Cummings and Goings in Agriculture

Summer Showers Shy Away From Cummings’ House

    The State Championship Horse Show for Mississippi will be going on this week at the Kirk Fordice Equine Facility in Jackson.  The timed event classes will be held on Thursday and Friday morning with the judged classes to be held on Friday afternoon and Saturday.

    The Coffeeville Saddle Club has a large number of members who will be competing in the state show.  If you want to see the best horses in Mississippi, I encourage you to attend all or part of the shows.  As usual, there is no admission fee.  

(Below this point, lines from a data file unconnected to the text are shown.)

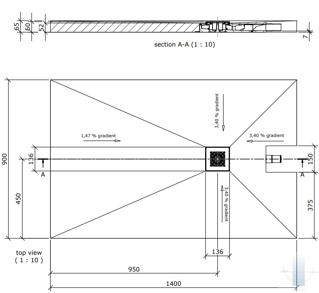 Fundo Plano komplekts ar novirzītu izvadu 140x90 cm DN40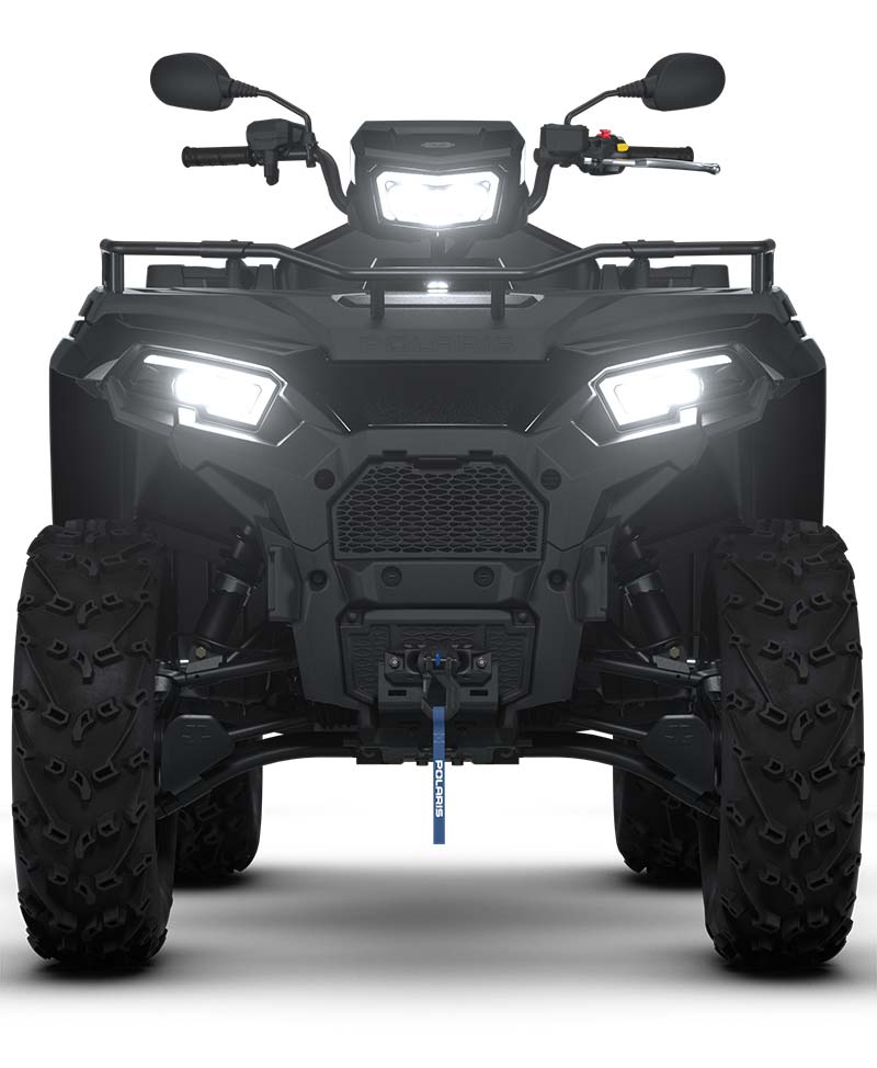 - 3 modes de conduite : Standard / Travail / Performance, Prise électrique 12 volts, port de charge lente intégré, pré-câblé pour chauffe-mains et chauffe-pouces, système de sécurité activé par code PIN, Treuil de 1 587kg (3 500 lb) avec corde synthétique et NOUVEAU système d'arrêt automatique, Rallonge de porte-bagages avant, benne basculante, protections de bras triangulaires avant et arrière, plastiques peints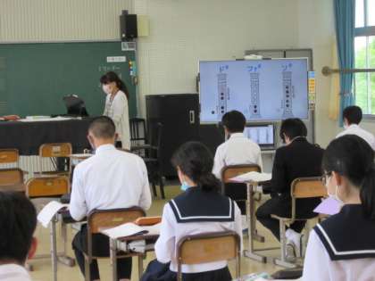3年生の音楽では、アルトリコーダーで「星に願いを」を演奏していました。美しい音色を響かせようと何回も練習をしていました。

    A lot of the county has at least gotten some showers the last couple of weeks.  Not at my house. A sprinkle or two is the most rain I have gotten.  This year’s crops show that the timeliness of rain may be more important than the amount of rain.  This year’s crops still appear to be good with some even being considered great.

    Hope everyone had a good Labor Day holiday.  Look for a whole new host of Extension programs coming up in the near future.

Horticulture Tip:

Keeping Life Happy on the Farm     Family farms are wonderful learning environments for children because the fun of learning is in the experiences on the farm—exploring the machines, the plants, the animals, the dirt—the list goes on and on.  Kids love it! Unfortunately, farms can also pose risks for injury and even death.  Since September is Farm Safety month, here are a few tips to keeping life happy and learning fun on the farm.    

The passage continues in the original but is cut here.